Exactly. When they say

> Unlike with prometheus, however, with Wide Events approach we don’t need to worry about cardinality

This is hinting at the hidden reason why not everyone does it. You have to 'worry' about cardinality because Prometheus is pre-aggregating data so you can visualize it fast, and optimizing storage. If you want the same speed on a massive PB-scale data lake, with an infinite amount of unstructured data, and in the cloud instead of your own datacenters, it's gonna cost you a lot, and for most companies it is not a sensible expense.

It does work at smaller scale though, we once had an in-house system like this that worked well. Eventually user events were moved to MixPanel, and everything else to Datadog, metrics/logs/traces + a migration to OpenTel. It took months and added 2-digit monthly bills, and in the end debugging or resolving incidents wasn't much improved over having instant access to events and business metrics.
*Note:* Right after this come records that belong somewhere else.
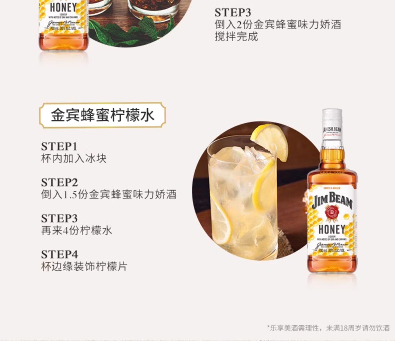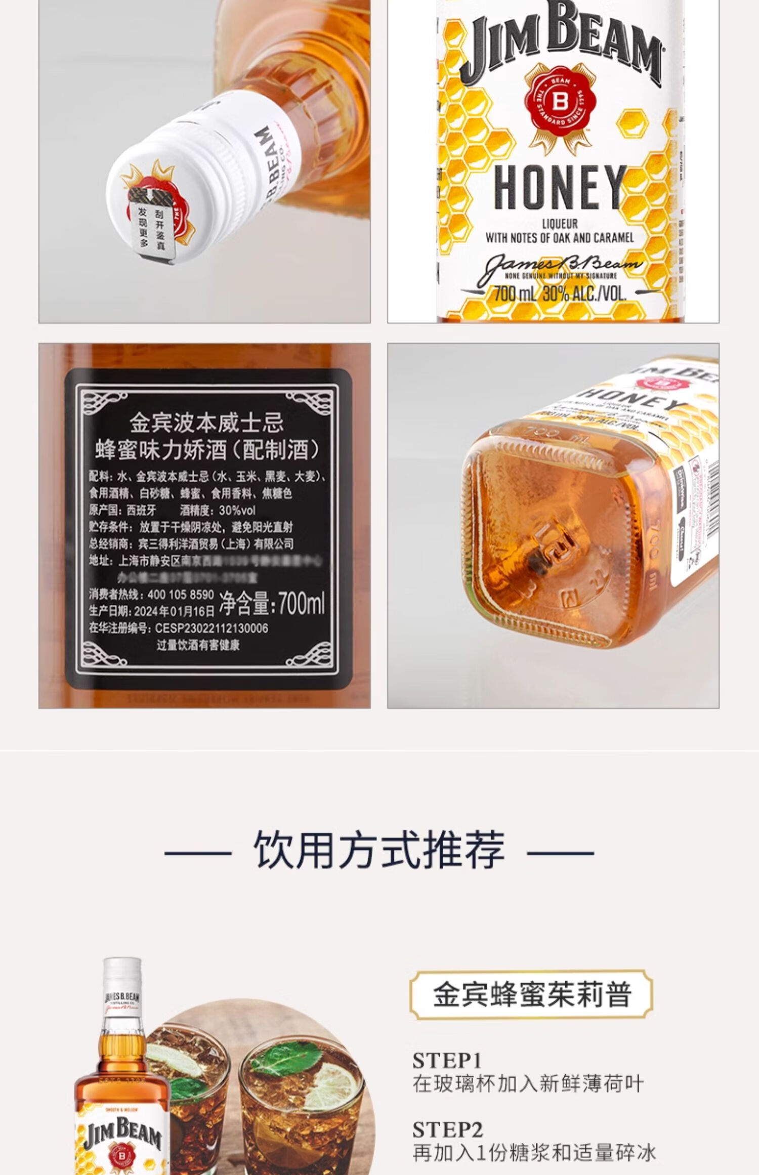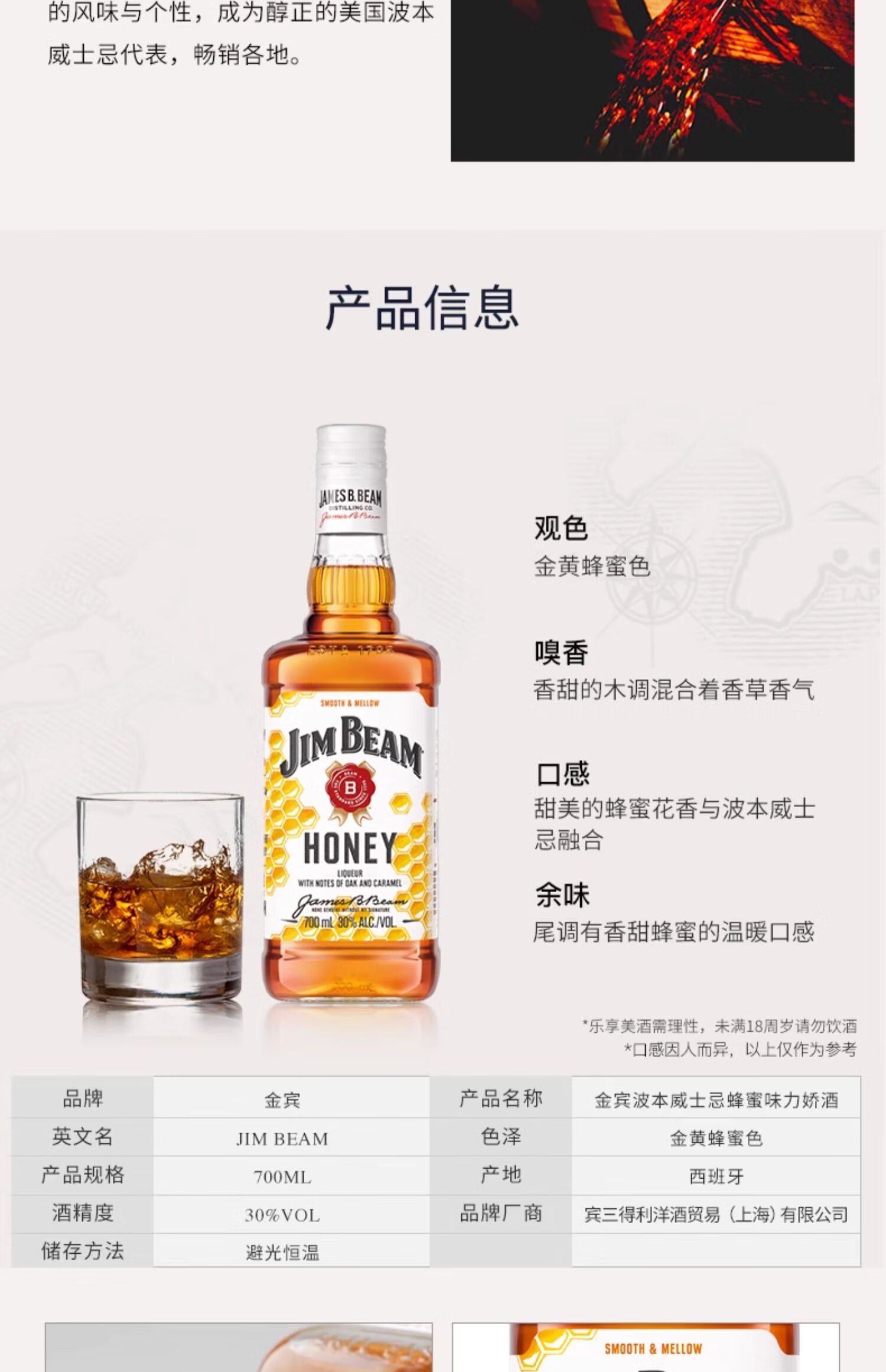 金宾(Jim Beam)蜂蜜 力娇酒700ml波本威士忌洋酒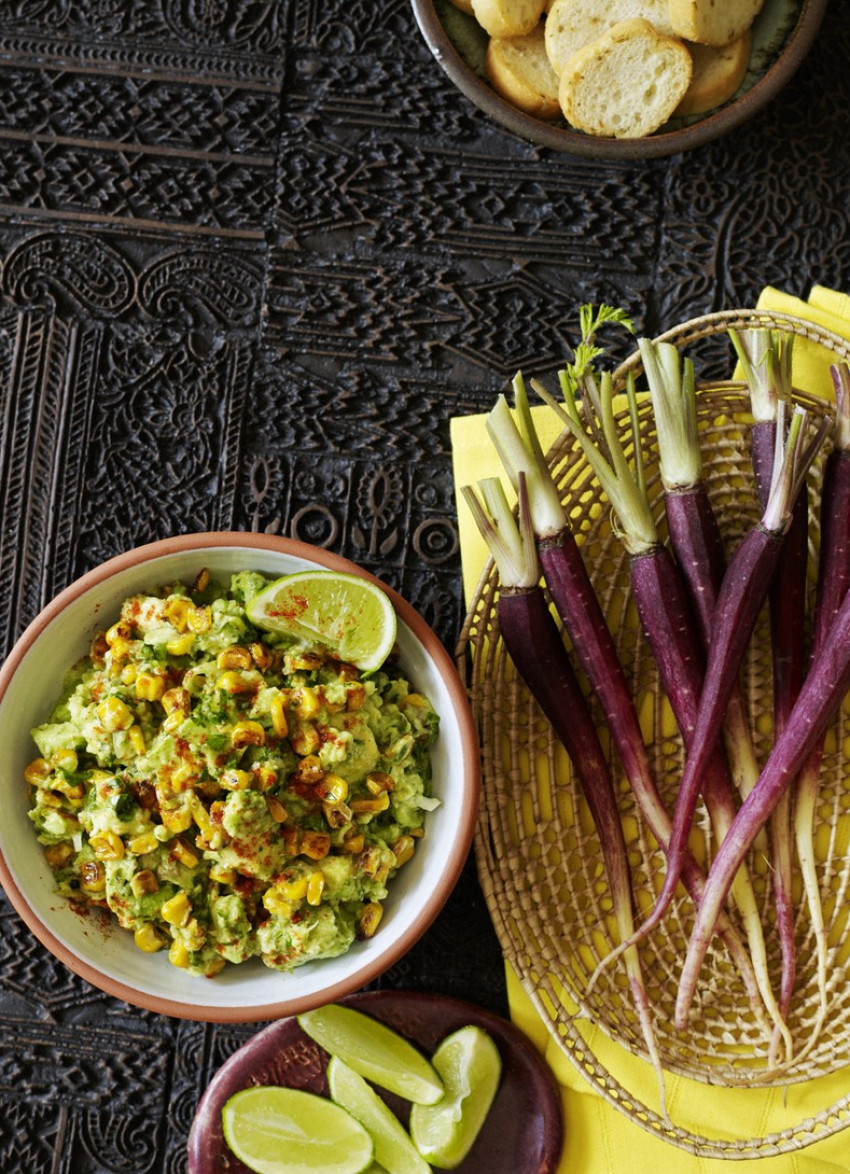 Cut the avocado into large chunks and add to the dressing, roughly crushing with a fork but leaving it a little chunky. Fold in the corn and coriander, season generously, adding more lime juice if needed. Transfer to a serving bowl and sprinkle with paprika. Serve with crostini, baby carrots and lime wedges. Makes about 2 cups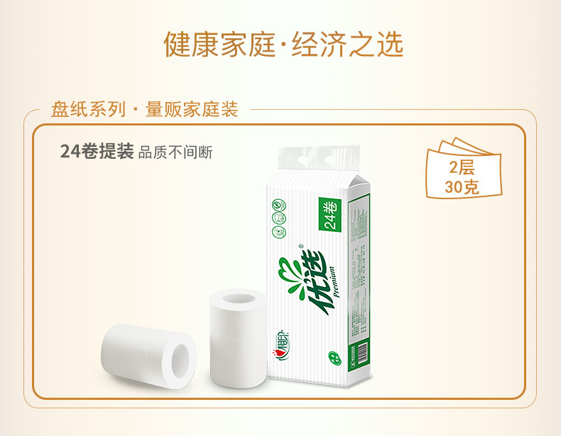 心相印BT30商用优选系列二层卷筒纸24粒 白色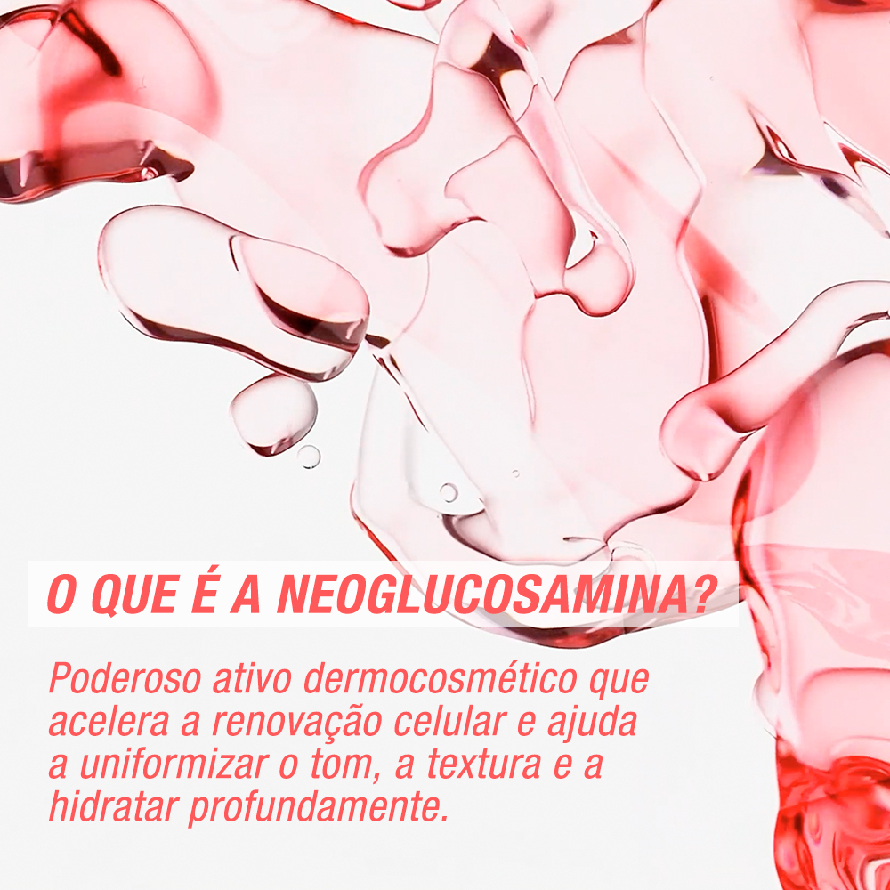 -Neoglucosamina: Acelera a renovação celular, uniformiza o tom e a textura da pele, além de hidratar profundamente.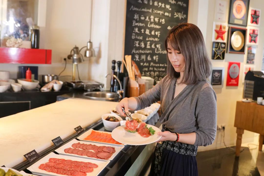 各色的烟熏系列美味全部是畅吃,主厨很用心,烟熏三文鱼还配了蛋黄酱点缀,没有其他酒店吃到的那么咸,入口多了股奶香气。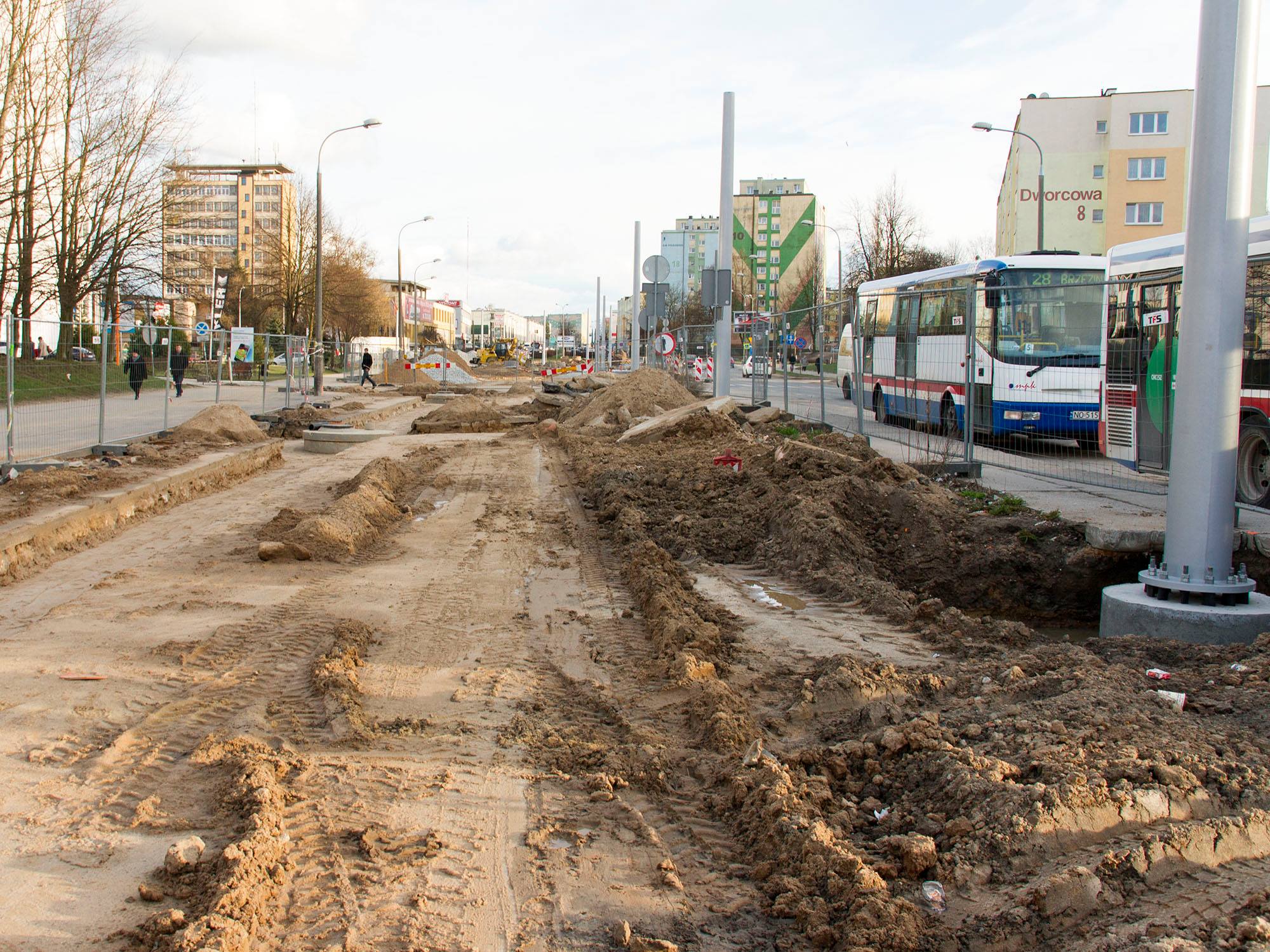 Budowa linii tramwajowej w ulicy Dworcowej (3 kwietnia 2015) Fot. Paweł Bukowski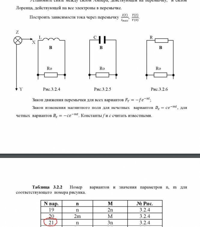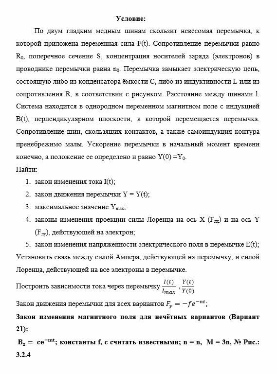 По двум гладким медным шинам скользит невесомая перемычка, к которой приложена переменная сила F(t). Сопротивление перемычки равно R0, поперечное сечение S, концентрация носителей заряда (электронов) в проводнике перемычки равна n0. Перемычка замыкает электрическую цепь, состоящую либо из конденсатора ёмкости С, либо из индуктивности L или из сопротивления R, в соответствии с рисунком. Расстояние между шинами l. Система находится в однородном переменном магнитном поле с индукцией В(t), перпендикулярном плоскости, в которой перемещается перемычка. Сопротивление шин, скользящих контактов, а также самоиндукция контура пренебрежимо малы. Ускорение перемычки в начальный момент времени конечно, а положение ее определено и равно Y(0) =Y0.

Whoever figures out a system that can do "wide events" in a cost-effective way from startup to unicorn scale will absolutely make a killing.

https://victoriametrics.com/ would definitely recommend anyone having performance issues with Prometheus to give VictoriaMetrics a try.
Once you plug long term storage onto your Prometheus, do you really need the main Prometheus instances anymore?

Here’s an article about this idea: https://datadrivendrivel.com/posts/rmrfprometheus/

You can substitute the Grafana Agents for OTEL collectors as well.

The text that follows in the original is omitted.